Equation discovery is a fundamental learning task for uncovering the underlying dynamics of complex systems, with wide-ranging applications in areas such as brain connectivity analysis, climate modeling, gene regulation, and physical simulation. However, many existing approaches rely on accurate derivative estimation and are limited to first-order dynamical systems, restricting their applicability in real-world scenarios. In this work, we propose Sparse Equation Matching (SEM), a unified framework that encompasses several existing equation discovery methods under a common formulation. SEM introduces an integral-based sparse regression approach using Green's functions, enabling derivative-free estimation of differential operators and their associated driving functions in general-order dynamical systems. The effectiveness of SEM is demonstrated through extensive simulations, benchmarking its performance against derivative-based approaches. We then apply SEM to electroencephalographic (EEG) data recorded during multiple oculomotor tasks, collected from 52 participants in a brain-computer interface experiment. Our method identifies active brain regions across participants and reveals task-specific connectivity patterns. These findings offer valuable insights into brain connectivity and the underlying neural mechanisms.

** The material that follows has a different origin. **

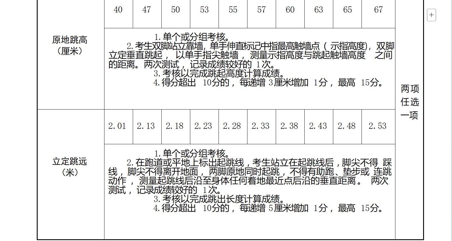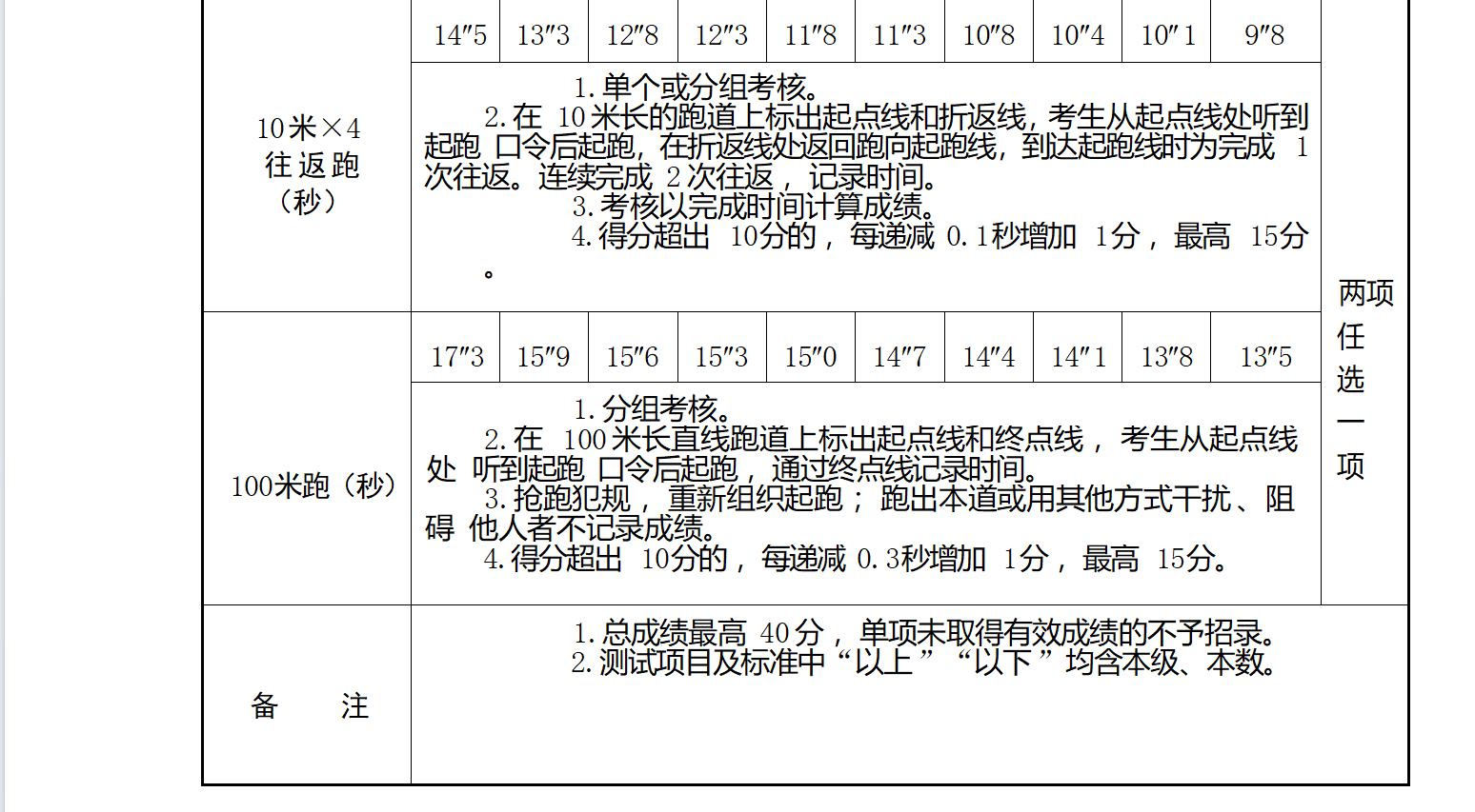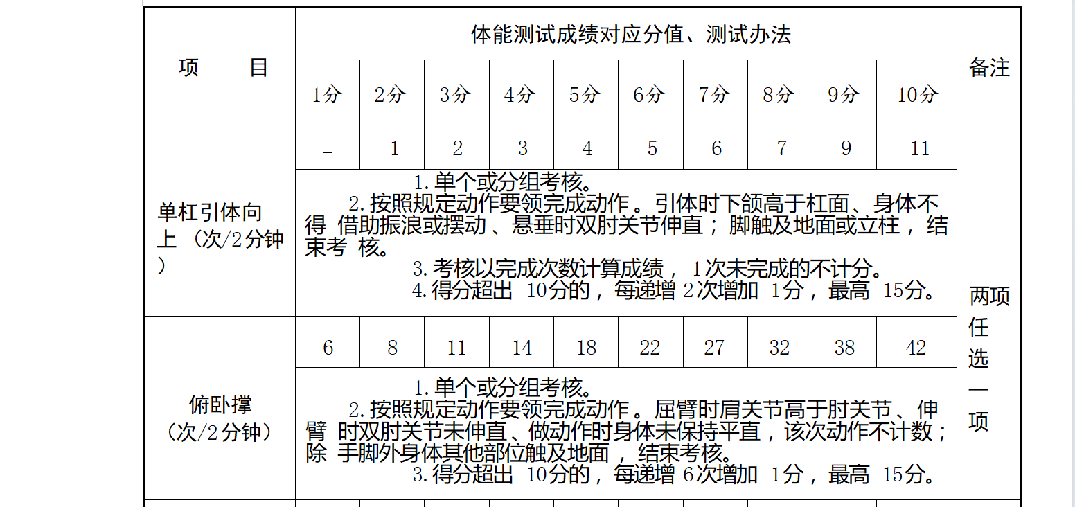 2.体能测试:统一组织实施,根据《体能测试、岗位适应性测试项目及标准》(见附件3)执行,均实行量化评分。其中:体能测试单项有效成绩为1分~15分,总成绩最高40分,任一单项未取得有效成绩的,不予录用。
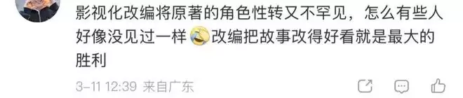 当然,本质上,这两件事指向的,是同一个问题:女性叙事在影视化过程中,总是那个被牺牲的选项。但把大女主性转成男生这种操作,离谱程度已经超出了“魔改”的范畴,进入了“跨性别创作”的新赛道。

翻译：方程发现是揭示复杂系统底层动力学的一项基础性学习任务，在脑连接分析、气候建模、基因调控和物理模拟等领域具有广泛应用。然而，现有许多方法依赖于精确的导数估计，且仅限于一阶动力系统，这限制了其在真实场景中的适用性。本文提出稀疏方程匹配（SEM），这是一个统一框架，将多种现有方程发现方法纳入一个共同的公式体系。SEM 引入了一种基于积分和格林函数的稀疏回归方法，能够对一般阶动力系统中的微分算子及其关联的驱动函数进行无导数估计。通过大量仿真实验，并与基于导数的方法进行性能基准测试，验证了 SEM 的有效性。随后，我们将 SEM 应用于一项脑机接口实验中从 52 名参与者记录的多项眼动任务期间的脑电图（EEG）数据。我们的方法识别了跨参与者的活跃脑区，并揭示了任务特异性的连接模式。这些发现为理解脑连接及其底层神经机制提供了有价值的见解。